Structured output / JSON mode

Force the model to emit valid, schema-conforming JSON every time. No regex scraping, no “pretty-please return JSON” prompts, no silent parse failures in production.

Quick start

import OpenAI from "openai";

const openai = new OpenAI();

const schema = {
  type: "json_schema",
  json_schema: {
    name: "sentiment",
    strict: true,
    schema: {
      type: "object",
      properties: {
        sentiment: {
          type: "string",
          enum: ["positive", "negative", "neutral"],
        },
        confidence: { type: "number" },
        keywords: {
          type: "array",
          items: { type: "string" },
        },
      },
      required: ["sentiment", "confidence", "keywords"],
      additionalProperties: false,
    },
  },
};

const completion = await openai.chat.completions.create({
  model: "gpt-4o",
  messages: [
    {
      role: "system",
      content: "Classify sentiment.
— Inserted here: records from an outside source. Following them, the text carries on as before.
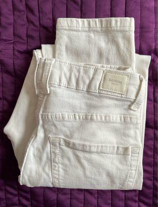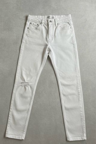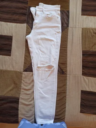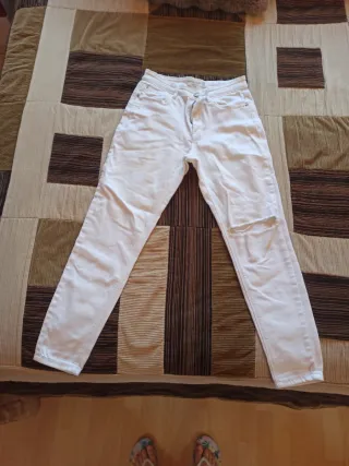 Denim de corte entallado con detalle de roto decorativo en la rodilla derecha. Estado: En muy buen estado general. Al ser una prenda blanca, podría presentar alguna marca mínima de almacenamiento casi imperceptible que desaparece con un lavado estándar, aunque a simple vista no se aprecia ningún defecto.
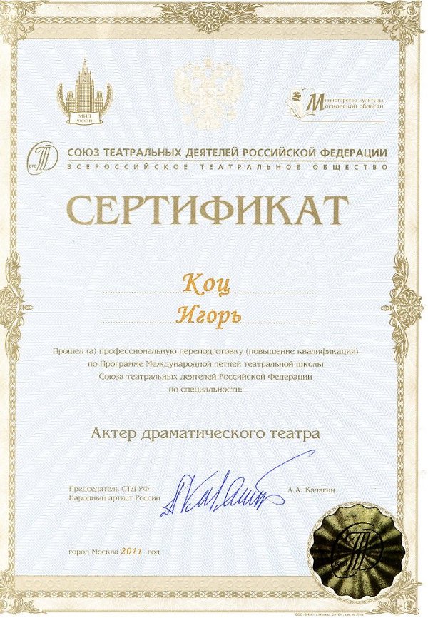 Wir gratulieren unserem Leiter Igor Kots zum Erwerb eines Zertifikates „ über die Qualifizierung als Schauspieler des dramatischen Schauspielhauses „ vom russischen Theaterbündnis in Moskau.
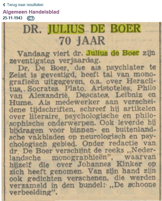 Tot mijn verbazing is er geen enkele pagina over deze Julius de Boer, (zenuw)arts/psychiater, dichter en filosoof te vinden. Ook de DBNL die een pagina over hem heeft, geeft geen biografische informatie. Dat ik in de kop van dit blog zijn levensdata kon geven, lukte mij na veel zoekwerk, voornamelijk in het kranten en tijdschriften-overzicht van de KB, Delpher genaamd. Ik geef enige berichten die ik uit Delpher opdiepte, zoals

Return JSON matching the schema.",
    },
    { role: "user", content: "I absolutely love this product!" },
  ],
  response_format: schema,
});

const result = JSON.parse(
  completion.choices[0].message.content ?? "{}"
);
// result.sentiment === "positive"
// result.confidence === 0.97
// result.keywords === ["love", "product"]

How it works

Set response_format to { type: "json_schema", json_schema: { ... } } and the model’s output is constrained to valid JSON that matches your schema. No more, no less.

Under the hood, the API applies constrained sampling — tokens that would violate the schema are masked from the probability distribution. The model literally cannot emit invalid JSON or extra keys.

Strict mode

Set strict: true inside json_schema to guarantee:

  • All required fields are present.
  • No additionalProperties leak through.
  • enum values are respected exactly.
  • Types match — no string where a number is expected.

Without strict mode, the model may occasionally add extra keys or omit optional-but-expected fields. Always enable it for production pipelines.

Legacy: json_object mode

Before json_schema shipped, the only option was response_format: { type: "json_object" }. It guarantees valid JSON but does not enforce a schema. You still need to prompt the model with the shape you want and validate the result yourself.

const completion = await openai.chat.completions.create({
  model: "gpt-4o",
  messages: [
    {
      role: "system",
      content:
        "Return JSON: { \"sentiment\": \"positive\"|\"negative\"|\"neutral\", \"confidence\": number }",
    },
    { role: "user", content: "I hate waiting on hold." },
  ],
  response_format: { type: "json_object" },
});

Prefer json_schema for new work. It eliminates the prompt-engineering fragility and gives you compile-time–style guarantees at runtime.

Parsing the response

The model returns a standard chat completion. The JSON lives in choices[0].message.content. Always wrap JSON.parse in a try/catch — even with schema enforcement, network errors or truncated streams can yield unparseable strings.

function safeParse<T>(raw: string | null): T | null {
  if (!raw) return null;
  try {
    return JSON.parse(raw) as T;
  } catch {
    console.error("Failed to parse structured output:", raw.slice(0, 200));
    return null;
  }
}

const data = safeParse<SentimentResult>(
  completion.choices[0].message.content
);
if (!data) {
  // fallback: retry, use default, or escalate
}

Supported models

json_schema works with gpt-4o, gpt-4o-mini, and the o-series models. Older models (gpt-4, gpt-3.5-turbo) only support the legacy json_object mode.